= Work required =
Copy out exactly the stretch below, from the line with "- HONEYCOMB DESIGN: Our" through the line with "17. Ebenenstil hinzufügen->", both included; the pictures stay out.

[[ Input data, beginning ]]

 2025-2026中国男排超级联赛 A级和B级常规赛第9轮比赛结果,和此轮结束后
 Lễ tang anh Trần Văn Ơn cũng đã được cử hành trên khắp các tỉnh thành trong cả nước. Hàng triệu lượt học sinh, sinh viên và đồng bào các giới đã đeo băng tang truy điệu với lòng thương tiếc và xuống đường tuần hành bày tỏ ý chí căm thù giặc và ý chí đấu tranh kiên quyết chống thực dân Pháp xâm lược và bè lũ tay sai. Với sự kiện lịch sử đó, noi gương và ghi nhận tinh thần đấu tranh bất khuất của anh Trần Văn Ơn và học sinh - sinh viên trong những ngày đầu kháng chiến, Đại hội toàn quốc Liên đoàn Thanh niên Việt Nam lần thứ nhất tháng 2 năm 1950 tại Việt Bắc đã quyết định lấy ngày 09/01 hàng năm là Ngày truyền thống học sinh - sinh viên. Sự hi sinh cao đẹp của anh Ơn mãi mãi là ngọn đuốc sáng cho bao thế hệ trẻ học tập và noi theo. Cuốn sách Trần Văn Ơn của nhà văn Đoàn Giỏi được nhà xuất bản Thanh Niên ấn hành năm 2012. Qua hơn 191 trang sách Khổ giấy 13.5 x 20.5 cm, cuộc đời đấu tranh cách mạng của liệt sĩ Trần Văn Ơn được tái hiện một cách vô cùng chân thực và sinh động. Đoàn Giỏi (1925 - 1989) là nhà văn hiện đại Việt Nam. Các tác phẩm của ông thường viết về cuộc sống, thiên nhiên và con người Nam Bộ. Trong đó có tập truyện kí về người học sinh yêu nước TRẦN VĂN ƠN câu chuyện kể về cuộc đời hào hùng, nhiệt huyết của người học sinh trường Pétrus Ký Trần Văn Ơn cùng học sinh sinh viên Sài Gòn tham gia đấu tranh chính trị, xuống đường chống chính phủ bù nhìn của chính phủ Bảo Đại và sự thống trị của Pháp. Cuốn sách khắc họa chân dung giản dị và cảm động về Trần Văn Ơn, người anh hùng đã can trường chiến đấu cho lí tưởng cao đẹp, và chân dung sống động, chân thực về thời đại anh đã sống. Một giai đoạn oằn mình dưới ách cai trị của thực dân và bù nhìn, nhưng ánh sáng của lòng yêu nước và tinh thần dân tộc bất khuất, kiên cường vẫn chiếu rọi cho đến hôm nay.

[[ Input data, end ]]
[[ Input data, beginning ]]

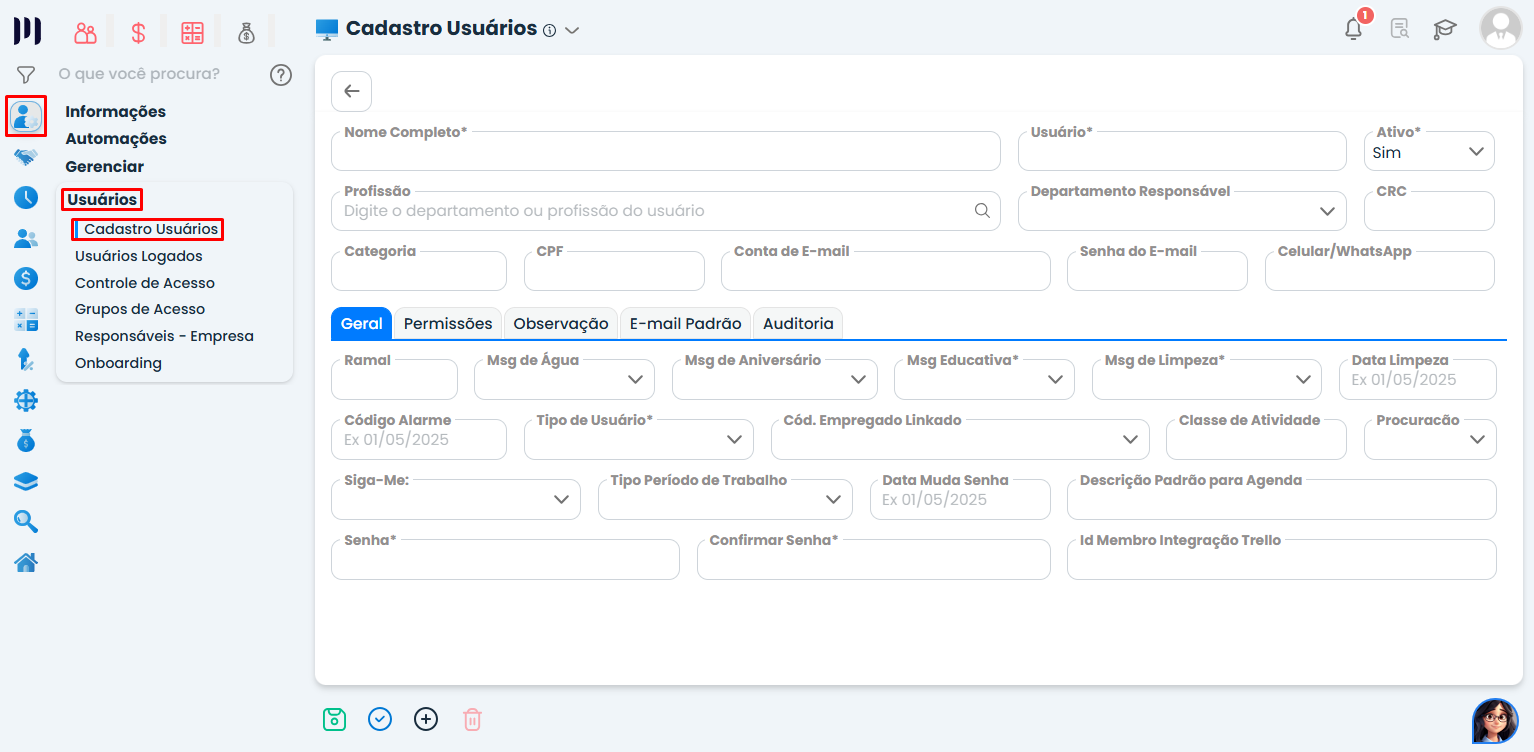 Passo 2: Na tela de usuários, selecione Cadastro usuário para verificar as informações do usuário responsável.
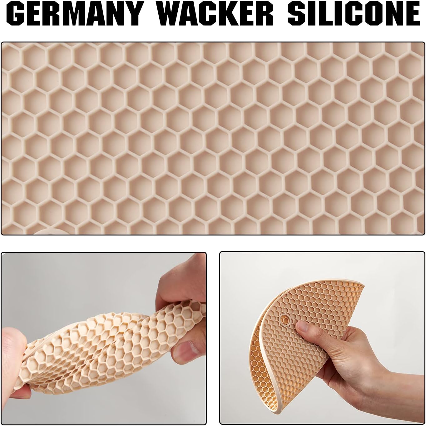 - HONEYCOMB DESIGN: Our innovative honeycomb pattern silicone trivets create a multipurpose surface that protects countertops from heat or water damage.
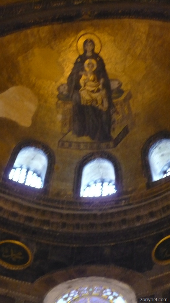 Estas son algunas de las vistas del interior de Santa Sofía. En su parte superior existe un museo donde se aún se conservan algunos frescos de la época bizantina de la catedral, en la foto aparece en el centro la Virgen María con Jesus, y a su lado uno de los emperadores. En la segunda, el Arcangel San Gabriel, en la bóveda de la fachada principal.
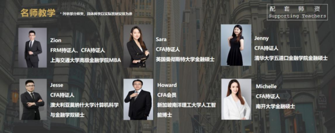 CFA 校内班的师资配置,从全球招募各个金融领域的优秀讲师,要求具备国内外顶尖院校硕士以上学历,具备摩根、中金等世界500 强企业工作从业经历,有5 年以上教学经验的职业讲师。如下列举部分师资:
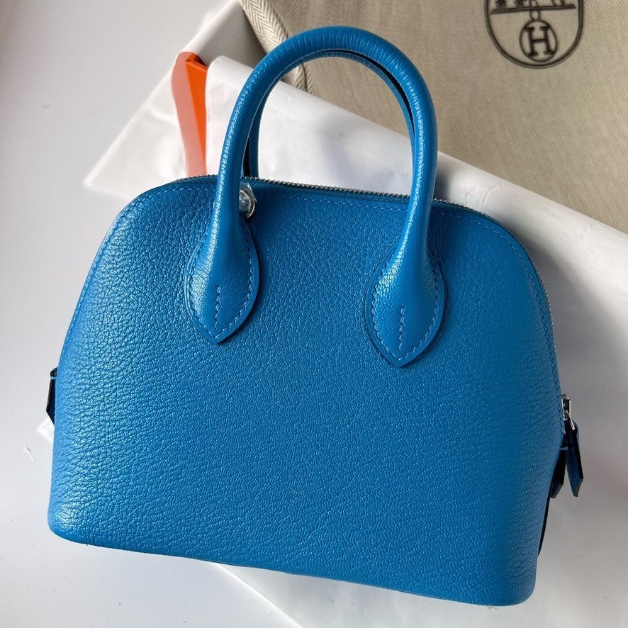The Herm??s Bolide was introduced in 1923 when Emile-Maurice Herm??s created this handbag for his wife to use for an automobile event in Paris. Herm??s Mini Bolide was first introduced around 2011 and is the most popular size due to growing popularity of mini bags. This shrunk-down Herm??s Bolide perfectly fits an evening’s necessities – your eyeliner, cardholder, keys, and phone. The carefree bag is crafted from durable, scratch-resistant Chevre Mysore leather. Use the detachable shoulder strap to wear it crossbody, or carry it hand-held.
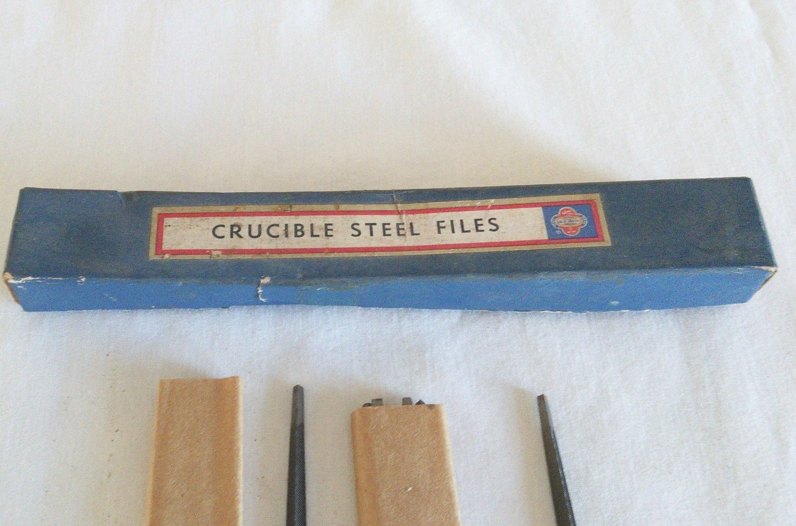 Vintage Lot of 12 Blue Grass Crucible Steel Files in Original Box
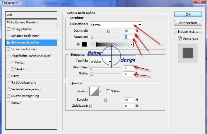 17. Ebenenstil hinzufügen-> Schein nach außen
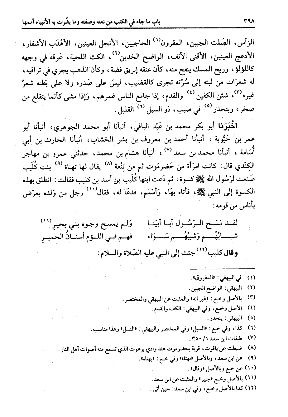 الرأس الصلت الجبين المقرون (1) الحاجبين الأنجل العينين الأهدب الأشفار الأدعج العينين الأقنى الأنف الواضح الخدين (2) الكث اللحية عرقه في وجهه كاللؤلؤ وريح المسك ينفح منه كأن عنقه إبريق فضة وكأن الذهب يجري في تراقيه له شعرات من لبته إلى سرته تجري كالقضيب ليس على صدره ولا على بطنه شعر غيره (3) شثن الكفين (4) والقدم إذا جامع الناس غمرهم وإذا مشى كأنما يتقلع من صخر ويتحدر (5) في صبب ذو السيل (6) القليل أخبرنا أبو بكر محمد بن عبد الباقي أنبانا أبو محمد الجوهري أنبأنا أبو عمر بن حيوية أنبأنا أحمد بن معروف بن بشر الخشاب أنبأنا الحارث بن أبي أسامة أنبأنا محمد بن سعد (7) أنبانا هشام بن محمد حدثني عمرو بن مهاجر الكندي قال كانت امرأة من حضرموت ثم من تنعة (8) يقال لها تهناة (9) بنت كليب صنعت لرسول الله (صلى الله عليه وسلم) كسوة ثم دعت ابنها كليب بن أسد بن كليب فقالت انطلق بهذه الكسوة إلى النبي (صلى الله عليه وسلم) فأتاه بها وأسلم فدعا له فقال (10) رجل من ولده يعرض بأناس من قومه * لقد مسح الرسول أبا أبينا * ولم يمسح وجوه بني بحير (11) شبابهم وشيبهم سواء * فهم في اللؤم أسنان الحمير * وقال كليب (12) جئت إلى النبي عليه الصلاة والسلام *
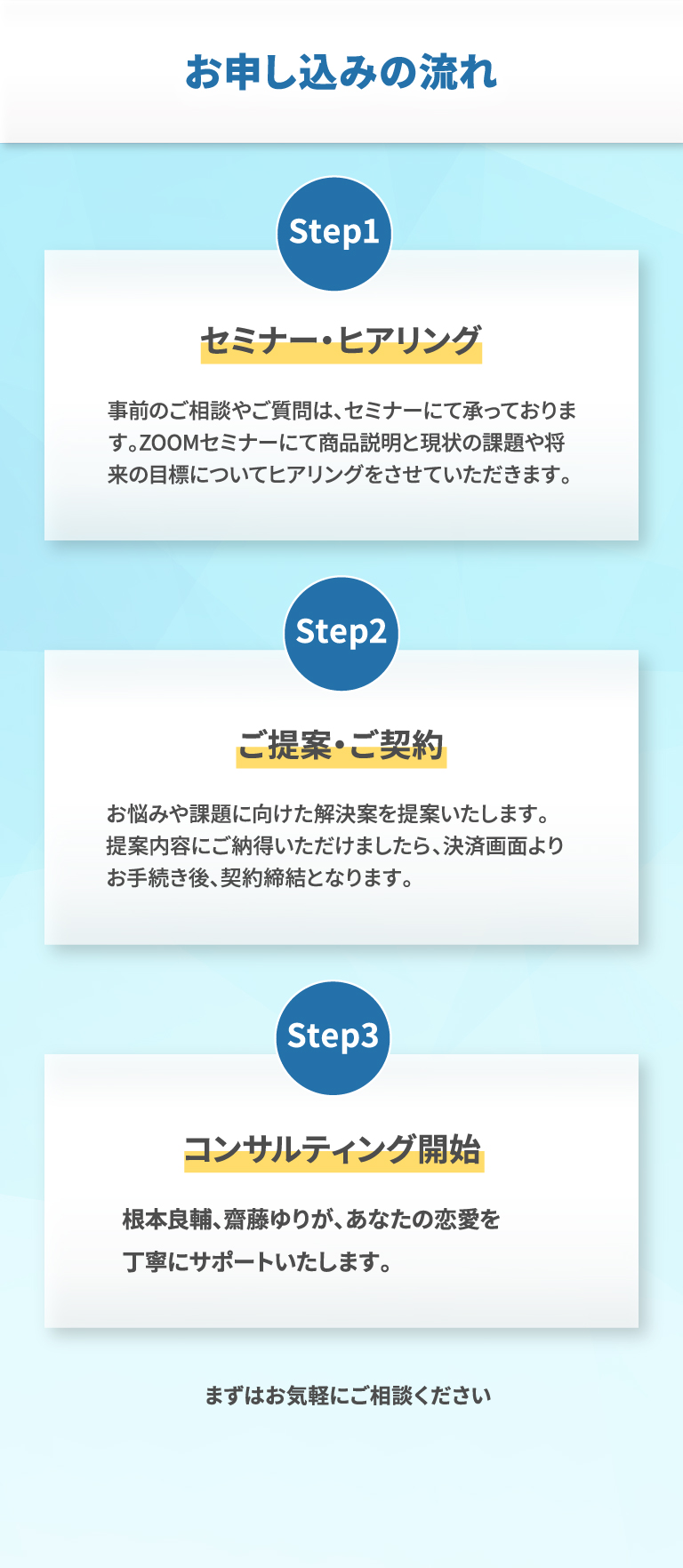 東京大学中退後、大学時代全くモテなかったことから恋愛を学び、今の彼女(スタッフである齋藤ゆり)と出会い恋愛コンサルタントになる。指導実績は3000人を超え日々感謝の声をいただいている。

[[ Input data, end ]]

= Answer space =
 - HONEYCOMB DESIGN: Our innovative honeycomb pattern silicone trivets create a multipurpose surface that protects countertops from heat or water damage.
 Estas son algunas de las vistas del interior de Santa Sofía. En su parte superior existe un museo donde se aún se conservan algunos frescos de la época bizantina de la catedral, en la foto aparece en el centro la Virgen María con Jesus, y a su lado uno de los emperadores. En la segunda, el Arcangel San Gabriel, en la bóveda de la fachada principal.
 CFA 校内班的师资配置,从全球招募各个金融领域的优秀讲师,要求具备国内外顶尖院校硕士以上学历,具备摩根、中金等世界500 强企业工作从业经历,有5 年以上教学经验的职业讲师。如下列举部分师资:
The Herm??s Bolide was introduced in 1923 when Emile-Maurice Herm??s created this handbag for his wife to use for an automobile event in Paris. Herm??s Mini Bolide was first introduced around 2011 and is the most popular size due to growing popularity of mini bags. This shrunk-down Herm??s Bolide perfectly fits an evening’s necessities – your eyeliner, cardholder, keys, and phone. The carefree bag is crafted from durable, scratch-resistant Chevre Mysore leather. Use the detachable shoulder strap to wear it crossbody, or carry it hand-held.
 Vintage Lot of 12 Blue Grass Crucible Steel Files in Original Box
 17. Ebenenstil hinzufügen-> Schein nach außen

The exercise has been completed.